RECORDS SUPPLIED START

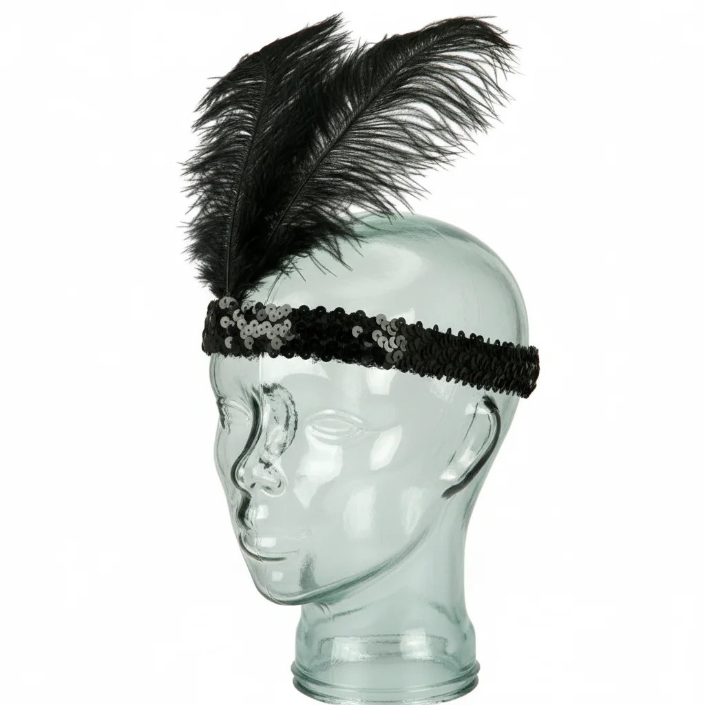 - Design: Sequin elastic band with jewel detail and ostrich feather accent.
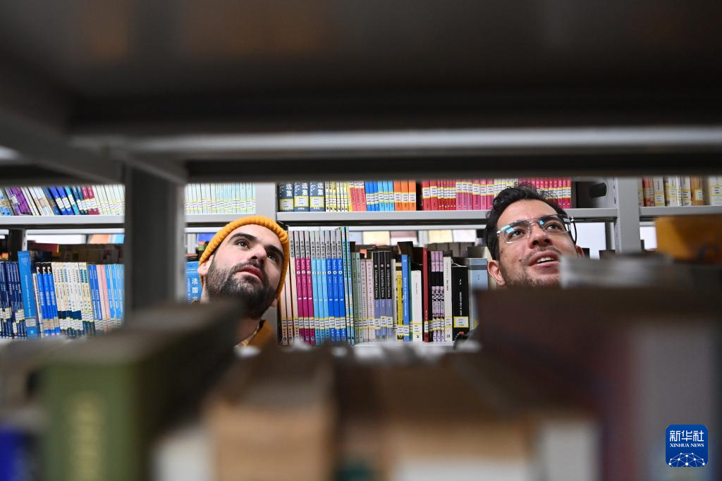 墨麒麟(左)和吴瑞龙(右)在南开大学外国语学院学术资源中心查找书籍(12月6日摄)。
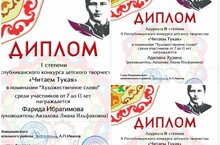 Учащаяся 1в класса Фарида Ибрагимова награждена дипломом I степени II Республиканского конкурса детского творчества "Читаем Тукая" в номинации "Художественное слово"
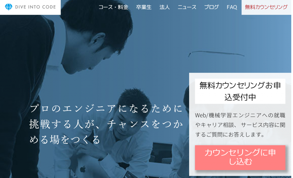 | HP | DIVE INTO CODE(ダイブイントゥコード)のWebサイト |
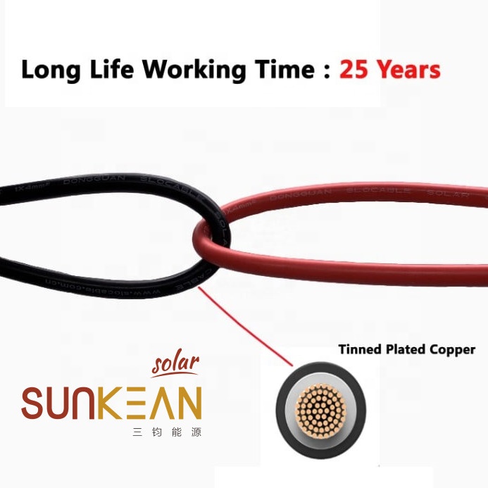Les câbles photovoltaïques sont constamment exposés à la lumière du soleil et les systèmes solaires fonctionnent souvent dans des conditions environnementales difficiles telles que des températures élevées et des rayons UV. Les jours ensoleillés, la température du site du système solaire peut atteindre 90-100℃. Le câble solaire SUNKEAN est certifié par TUV/CE/UL, spécialisé dans le travail pour le système solaire. Si vous choisissez des câbles en PVC ordinaires au lieu de câbles photovoltaïques, cela affectera évidemment considérablement la durée de vie du système solaire.
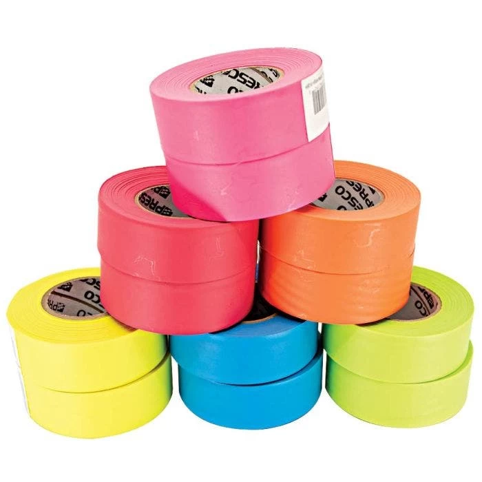 The Flagging Tape Mix Box contains six of the most popular fluorescent flagging tape colors: Glo Red, Glo Blue, Glo Yellow, Glow Orange, Glo Pink, and Glo Lime. It includes 12 rolls, 2 of each color, and each roll measures 1 3/16 inches in width and 150 feet in length.
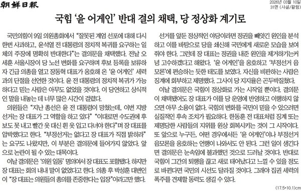 조선일보는 사설에서 한 전 대표 복귀를 주문했다. 10일 <국힘 ‘윤 어게인’ 반대 결의 채택, 당 정상화 계기로> 사설에서 조선일보는 “이날 결의문은 국힘이 정상화로 가는 시작일 뿐이다. 결의문이 채택됐어도 장 대표가 이를 당 운영에 반영하고 이행하지 않으면 아무 소용이 없다”며 “국힘의 변화를 국민이 믿을 수 있으려면 실질적인 후속 조치가 필요하다. 한동훈 전 대표처럼 징계 또는 제명당한 사람들의 지위를 원상 회복시키는 것이 그 시작”이라고 했다.
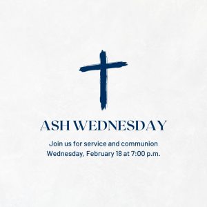 Ash Wednesday service will take place on Wednesday, February 18 at 7:00 p.m. with worship and communion.
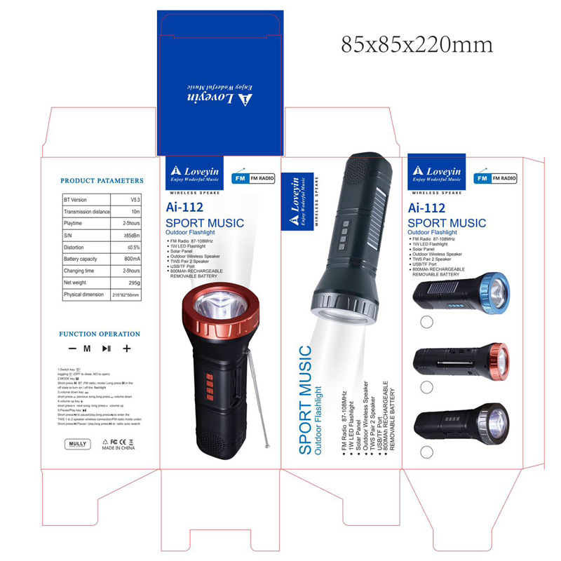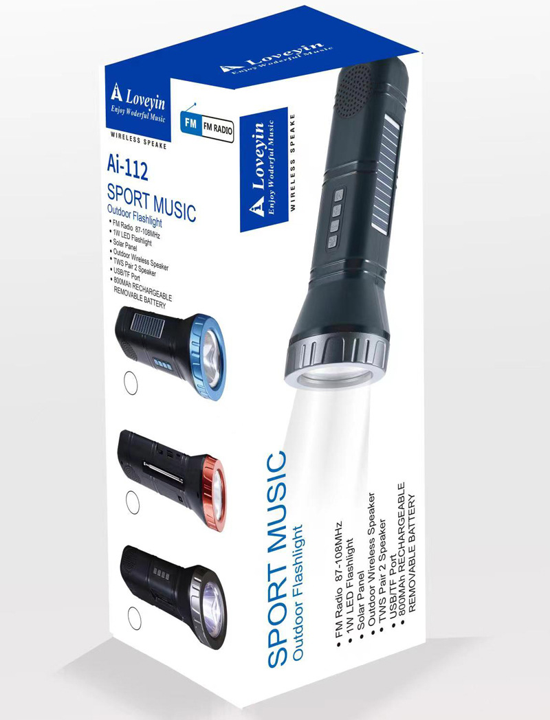 Ai-112 电镀色户外蓝牙音响手电筒多功能收音机音箱便携式低音炮
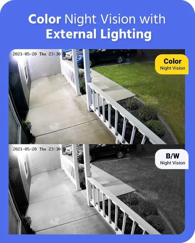 5MP Super HD & EXIR 2.0 Color Night VisionThe camera delivers 5MP (2K) Super HD images and color night vision with the ambient lighting, with the advanced image sensor & ANNKEs exclusive color night vision tech. EXIR 2.0 tech provides fast heat dissipation and long lifespan, while enabling better image quality (up to 100 ft) than traditional IR night vision cameras.
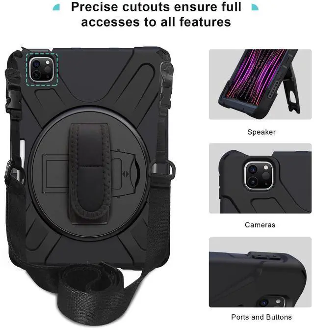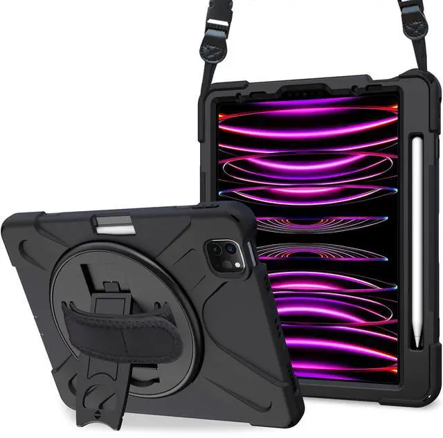 ProCase for iPad Pro 12.9 Inch Case 2022 2021 2020 2018, Rugged Heavy Duty Shockproof Cover with Hand Strap Shoulder Strap for iPad Pro 12.9" 6th 5th 4th 3rd Generation Black
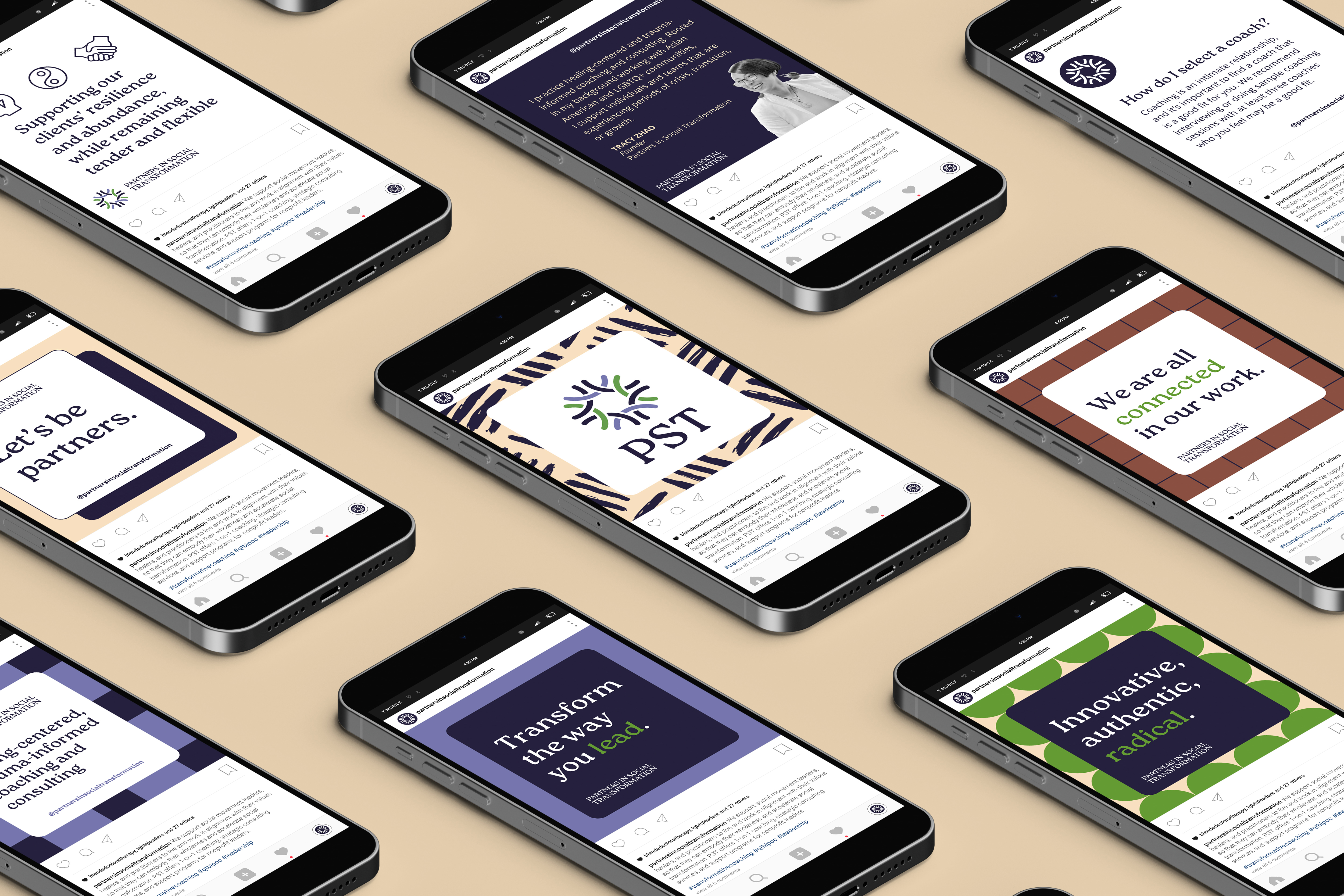 PST's logotype is inviting and friendly, which reflects its non-judgmental and supportive approach to their consulting practice. A soothing color palette indicates a brand that is caring and patient. Clean iconography and simple repeat patterns represent safety and equality, while hand-drawn elements denote PST's flexibility and playfulness amongst it all.
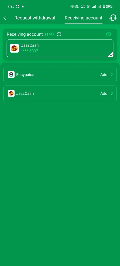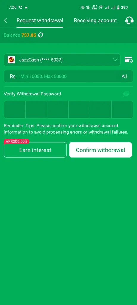 - Select the withdrawal procedure, whether you choose Jazz Cash or Easy Paisa wallet.

RECORDS SUPPLIED END

» WHAT THE EXERCISE ASKS
Go to the line containing "ProCase for iPad", then write out word for word every line from there to the end of the listing. Keep both end lines and drop the pictures.

» EXPECTED ANSWER
 ProCase for iPad Pro 12.9 Inch Case 2022 2021 2020 2018, Rugged Heavy Duty Shockproof Cover with Hand Strap Shoulder Strap for iPad Pro 12.9" 6th 5th 4th 3rd Generation Black
 PST's logotype is inviting and friendly, which reflects its non-judgmental and supportive approach to their consulting practice. A soothing color palette indicates a brand that is caring and patient. Clean iconography and simple repeat patterns represent safety and equality, while hand-drawn elements denote PST's flexibility and playfulness amongst it all.
 - Select the withdrawal procedure, whether you choose Jazz Cash or Easy Paisa wallet.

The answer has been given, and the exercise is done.